- Exercise aim:
Retype the listing exactly, with no images.

- Given material:
* * * * * * *

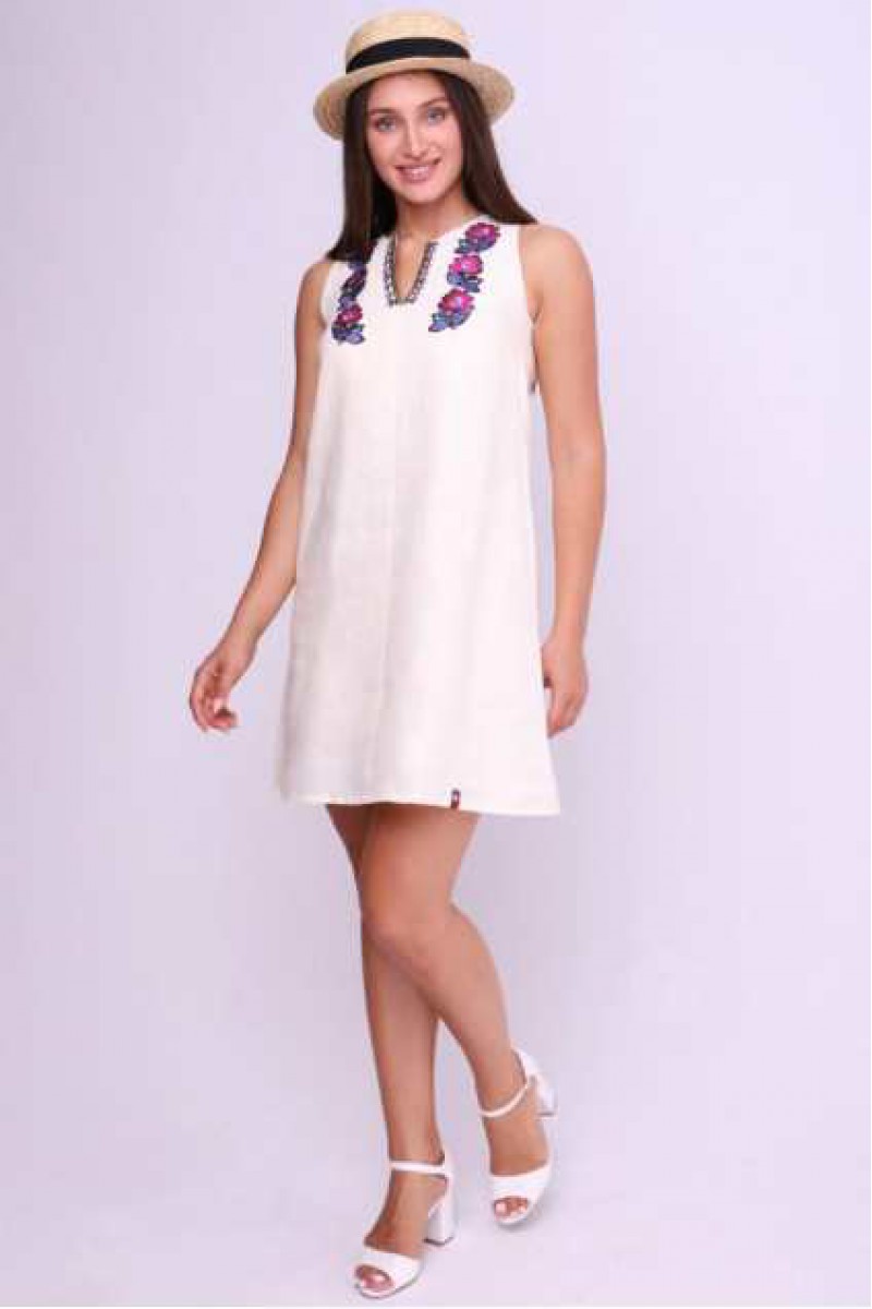 Ivory linen dress from a Ukrainian manufacturer will be a good addition to your wardrobe. The product can be worn both for holidays and on weekdays. Lightweight, pleasant to the touch, and most importantly natural fabric, does not soar and is breathable. The free trapezoidal silhouette of the dress allows you to feel comfortable. The cut of the product is free and straight, so it is suitable for women with any figure. The feature of this model is convenient side pockets. The ornament is based on elements from an old Borschiv shirt. The combination of natural linen and minimalist dress design is a recipe for success in creating a spectacular and unforgettable image!
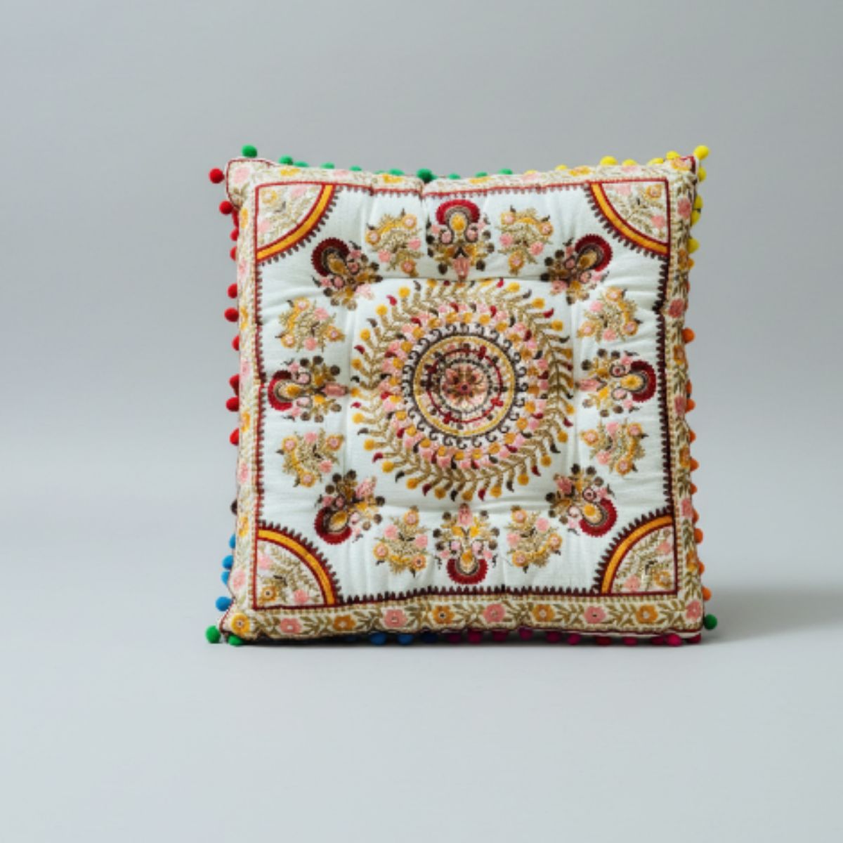 El Cojín de Suelo de la India es una auténtica joya de decoración, con exquisitos detalles bordados a mano en hilo que realzan su belleza única. Fabricado con algodón de alta calidad, este cojín no solo es ideal para meditar, sino también para embellecer tus espacios favoritos.
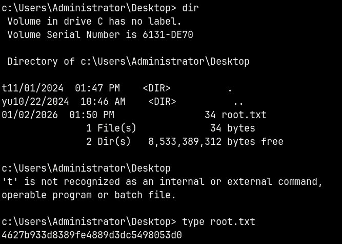 faketime -f '+7h' psexec.py -k -no-pass DC.ADMINISTRATOR.HTB

* * * * * * *

- Task result:
 Ivory linen dress from a Ukrainian manufacturer will be a good addition to your wardrobe. The product can be worn both for holidays and on weekdays. Lightweight, pleasant to the touch, and most importantly natural fabric, does not soar and is breathable. The free trapezoidal silhouette of the dress allows you to feel comfortable. The cut of the product is free and straight, so it is suitable for women with any figure. The feature of this model is convenient side pockets. The ornament is based on elements from an old Borschiv shirt. The combination of natural linen and minimalist dress design is a recipe for success in creating a spectacular and unforgettable image!
 El Cojín de Suelo de la India es una auténtica joya de decoración, con exquisitos detalles bordados a mano en hilo que realzan su belleza única. Fabricado con algodón de alta calidad, este cojín no solo es ideal para meditar, sino también para embellecer tus espacios favoritos.
 faketime -f '+7h' psexec.py -k -no-pass DC.ADMINISTRATOR.HTB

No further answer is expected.